**EXERCISE BRIEF:** When the data below is printed, every line must match exactly and the images must be absent.

**SOURCE MATERIAL:**
============================================================
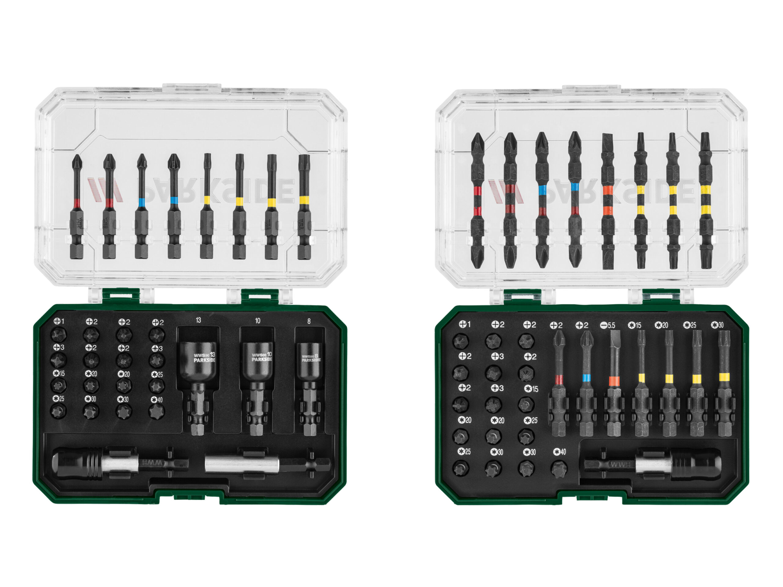Jeu d’embouts Impact PARKSIDE PBSI 2 C3 robuste et durable pour visseuses à chocs. Embouts à code couleur, porte-embout rapide. 32 ou 29 pièces.
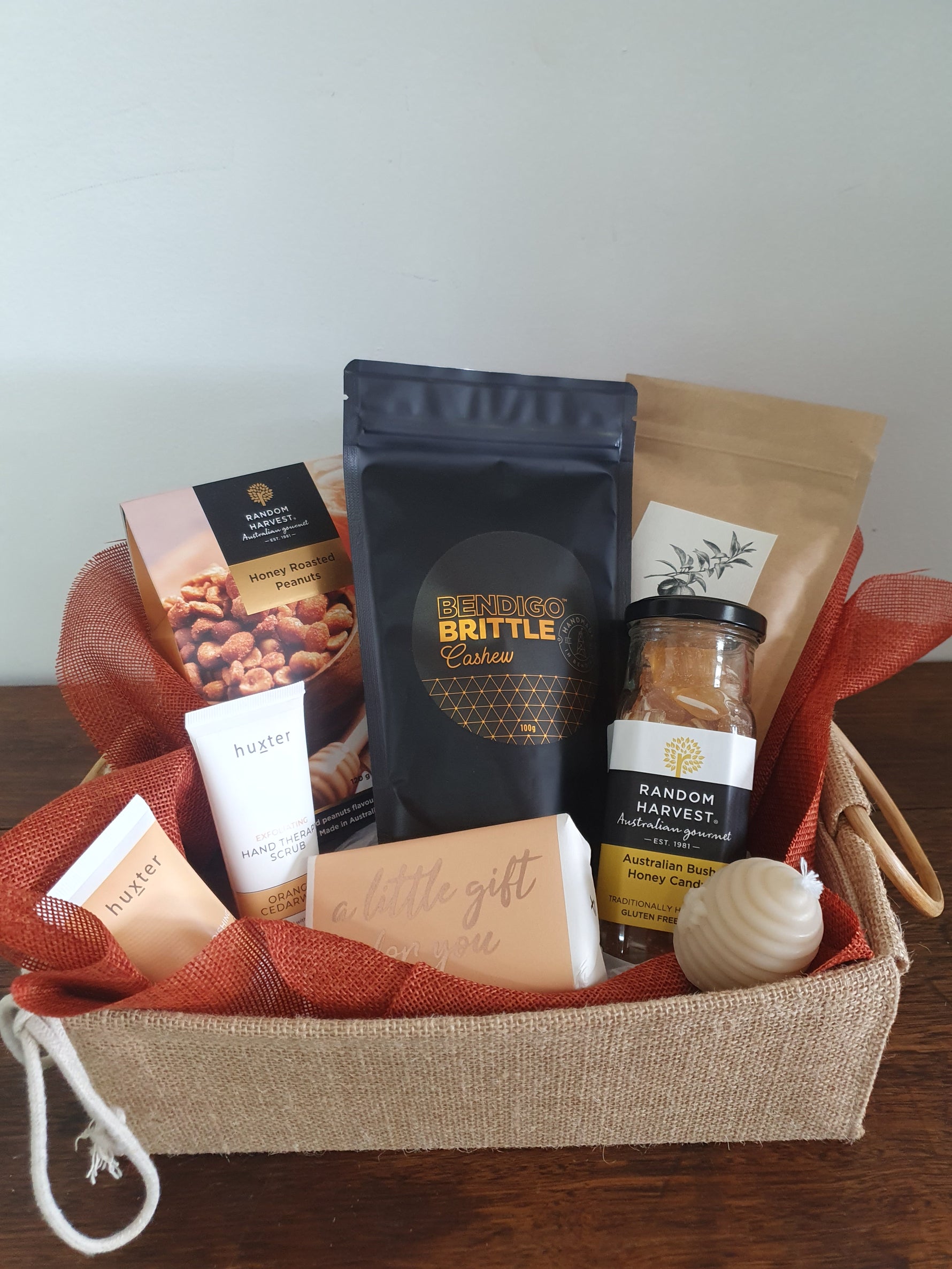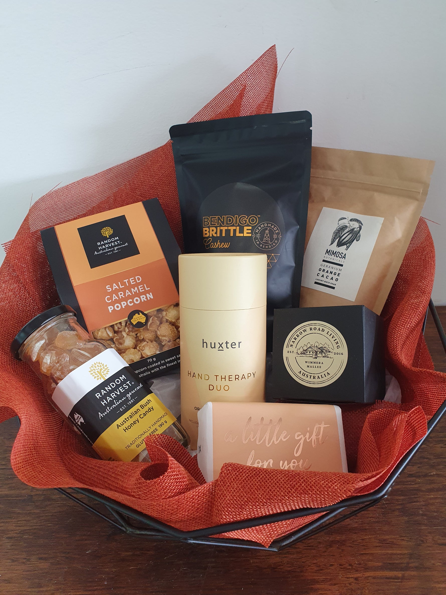Indulge in our Natural Beauty gift basket the large featuring a sleek black wire basket while the medium is a hesian styled tray basket filled with luxurious treats. Treat a special someone to tripple milled soap and nourishing hand cream. They can relax with a fragrant bath soak and pure beeswax candle. Satisfy their sweet tooth with Australianbush honeycandy, honey popcorn or peanuts , and Bendigo brittle. They can transform their home into a tranquil spa with this indulgent gift basket.
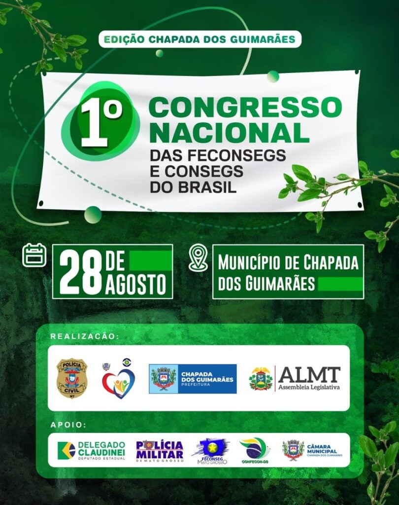 O 1º Congresso Nacional de Federações e Conselhos Comunitários de Segurança do Brasil é um evento promovido pela Assembleia Legislativa de Mato Grosso (ALMT), Polícia Judiciária Civil de Mato Grosso (PJC), Prefeitura de Chapada dos Guimarães. Também, conta com o apoio do deputado estadual Delegado Claudinei, PMMT, Feconseg – MT, Confederação Nacional das Feconsegs e Desenvolvimento Social e Congêneres (Confecon – DS) do Brasil e Câmara de Vereadores de Chapada dos Guimarães.
============================================================
**ANSWER BOX:**
Jeu d’embouts Impact PARKSIDE PBSI 2 C3 robuste et durable pour visseuses à chocs. Embouts à code couleur, porte-embout rapide. 32 ou 29 pièces.
Indulge in our Natural Beauty gift basket the large featuring a sleek black wire basket while the medium is a hesian styled tray basket filled with luxurious treats. Treat a special someone to tripple milled soap and nourishing hand cream. They can relax with a fragrant bath soak and pure beeswax candle. Satisfy their sweet tooth with Australianbush honeycandy, honey popcorn or peanuts , and Bendigo brittle. They can transform their home into a tranquil spa with this indulgent gift basket.
 O 1º Congresso Nacional de Federações e Conselhos Comunitários de Segurança do Brasil é um evento promovido pela Assembleia Legislativa de Mato Grosso (ALMT), Polícia Judiciária Civil de Mato Grosso (PJC), Prefeitura de Chapada dos Guimarães. Também, conta com o apoio do deputado estadual Delegado Claudinei, PMMT, Feconseg – MT, Confederação Nacional das Feconsegs e Desenvolvimento Social e Congêneres (Confecon – DS) do Brasil e Câmara de Vereadores de Chapada dos Guimarães.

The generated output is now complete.